«OBRIGADO, LUIS SEPÚLVEDA, PELO PORTO DE HAMBURGO»
Neste
Dia Mundial do Livro que hoje, dia 23 de abril, se
celebra, não poderíamos deixar de lembrar as admiráveis palavras
de um jovem escritor, Afonso Reis Cabral, trineto de Eça de Queirós, na sua justa homenagem a um grande escritor que nos deixou demasiado cedo, publicada, no
passado dia 16 de abril, no jornal Público.
Obrigado, Luis Sepúlveda,
pelo porto de Hamburgo
O escritor Afonso Reis Cabral foi “diretor por um dia” por
ocasião do 30.º aniversário do PÚBLICO, a 5 de Março. Ao saber
da morte de Luis Sepúlveda, na manhã desta quinta-feira,
ocorreu-lhe de imediato esta “memória”, que aqui publicamos.
«Em 1999, o porto de Hamburgo ficava em Ferreira do Zêzere. Na cama
do quarto de cima, na casa de banho, na sala, a um canto do sofá,
enquanto os adultos jogavam Bridge: o porto de Hamburgo lavava o
Verão com águas que eu, com nove anos, imaginava escuras de crude,
atacadas por um mal desconhecido. E era tal a aflição de acudir
àquela gaivota ferida, vinda do alto-mar, que eu dava voltas à casa
em busca de algo com que a salvar.
A Teresa, prima do meu pai e melhor amiga da minha mãe, dera-me o
livro no dia anterior e eu guardei-o como um achado, antes de ler a
dedicatória: “Para um menino muito especial que bem podia ensinar
gaivotas a voar”. Como verdadeira criança, acreditei nesse
encantamento: seria capaz de criar uma gaivota — e, para a Teresa,
seria especial. Ainda não sabia que ser criança é ter fé em tais
dedicatórias.
Mas
Zorbas — o gato grande, preto e gordo — tratava de resgatar o ovo
por mim.
Enquanto este não eclodia, os meus pais levavam-me pelas margens do
Zêzere em busca de lagostins, cujos rastos de fuga eram uma caça
aos gambozinos. A Joana tinha vinte e poucos anos, nadava no Zêzere
sem medo dos lagostins, e saía da água com tal beleza, com tais
movimentos de coisa bem escrita, que a julgava capaz de dissipar todo
o crude do mundo.
Regressado a casa, ansioso, percebi que à beleza se responde com
beleza. Chamei a Joana a um canto da sala, anda daí que te quero ao
pé de mim, e esperei que ela me olhasse nos olhos para lhe dizer de
surpresa, de mansinho e de coração: “Amo-te.” Acho que ela
sorriu, talvez tenha afagado o meu cabelo, falta-me a memória de um
abraço; seja como for, ela sorriu e foi ter com a Teresa, que me
disse: “Por enquanto, quero a minha filha para mim, pode ser?”.

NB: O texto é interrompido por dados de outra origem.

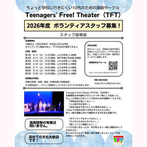 演劇経験の有無は問いません。子どもと関わりたい方、演劇に興味がある方、少しでもTFTの内容に興味がありましたら、ぜひスタッフ説明会にご参加ください。
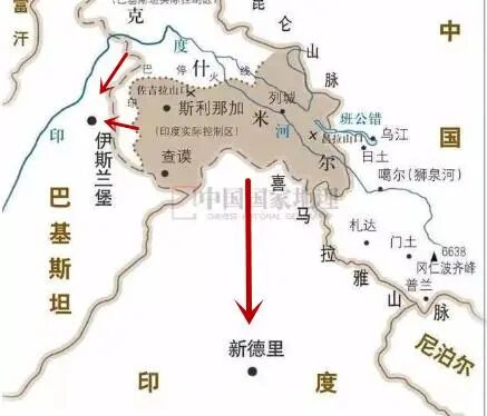 其南面就是南亚次大陆,是印度和巴基斯坦必争之地;从克什米尔向南亚大陆进攻,很快就到巴基斯坦首都伊斯兰堡或印度首都新德里。
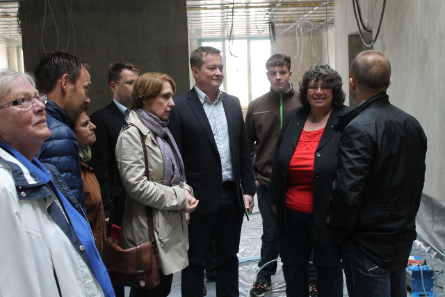 Die Besuchergruppe, zu der auch SPD Kreisvorsitzender Rainer Fischer und Kreisrätin Hannelore Bienlein-Holl gehörten, war von der Raumaufteilung und dem Konzept beim Bau beeindruckt. Äußerst positiv sei, dass der Bau zum allergrößten Teil von regionalen Betrieben durchgeführt wird. Grötsch und Karl kündigten an, nach der Fertigstellung die Schule gerne wieder zu besuchen, um dann auch den Innenausbau und die Außenanlagen kennen zu lernen.
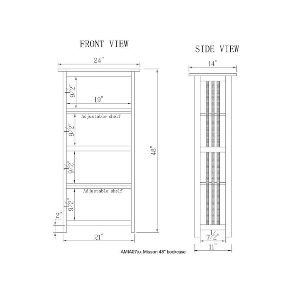 Details: Introducing the Mission 48" H Bookcase with 4 Shelves for your home office or living space. Constructed from wood, composite wood, and wood veneer, this beautiful furniture piece is perfect for storing and displaying books, binders, and your favorite decorations. Designed with two adjustable shelves, it provides ample space for all your items. It also offers a design that fits with any decorating style and is perfect for adding that extra touch of style to your space. With dimensions of 27" W x 16" D x 48" H and shelves being 19" W x 10.75" D, this bookcase provides enough storage for all the items you need in your home. Wipe it down with a dry cloth for easy cleaning, and some assembly is required. This Mission style bookcase is the perfect way to add some extra storage or display space, with the convenience of its sleek and modern design. Get yours today and make the most of your living or office space with the Mission 48" H Bookcase with 4 Shelves.
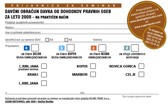 • na spletnih straneh www.superdavki.com (samo člani DELUX Super kluba davkoplačevalcev) - e-prijavnica;
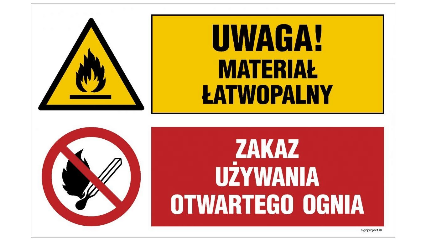 ZNAK - OI037 Uwaga! materiał łatwopalny, Zakaz używania otwartego ognia 70 x 46,7 cm FN - Folia samoprzylepna
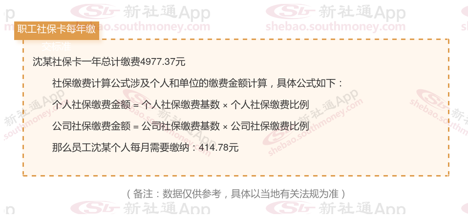 由上图得知,沈某社保卡一年需要缴纳4977.37元,个人部分每月需要缴纳414.78元,若您想要了解明细点击新社通社保计算器,来了解一下明细吧。
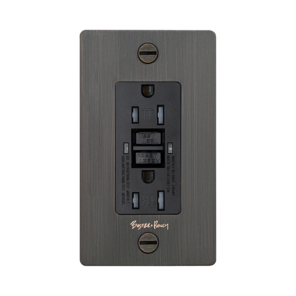 Streamline lighting performance with the 1G Duplex GFCI Outlet from Buster + Punch. Created to safely detect and interrupt surges, this outlet adds advanced functionality. Metal construction is rugged and precise, with solid metal coin screws affixing this outlet securely.
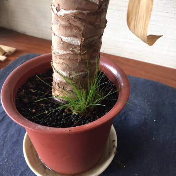 観葉植物の鉢に、 ヘアーグラス植えたら 地味に育っていた。

A partir daí, a Joana evitou-me de surpresa, de mansinho e de
coração, a ver se eu acalmava, a ver se encontrava beleza noutra
pessoa, noutro sítio. A Teresa apontou-me o livro de Sepúlveda, num
gesto que dizia “continua a ler”, e eu passei as noites lendo
enquanto ouvia as discussões do Bridge e a voz ensonada da Joana.
Quanto mais acompanhava o zelo de Zorbas, mais o identificava com o
zelo da Teresa e a discrição da Joana, e quando os gatos votaram
para falarem com os seres humanos, entendi quanto custava quebrar um
tabu. Incomodado com as tiradas macacas de Matias, temendo que Ditosa
quisesse continuar gato em vez de se tornar gaivota, não me achava
merecedor da dedicatória da Teresa, e estava visto que não merecera
o amor da Joana.
Na última noite de leitura, as discussões dos adultos estavam em
ponto de rebuçado e a voz da Joana sonolenta e distante mais e mais.
Na página final, a minha barriga caiu em vertigem acompanhando
Ditosa, acabada de empurrar da torre por Zorbas. Mas a gaivota evitou
o chão e voou sobre o porto de Hamburgo, por fim sabendo ser ave.
Adormeci pouco depois, certo de que às quedas se seguem os voos.
Hoje, no meu porto de Hamburgo, Sepúlveda ainda escreve, eu ainda
digo à Joana “Amo-te”, e a Teresa ainda é viva.»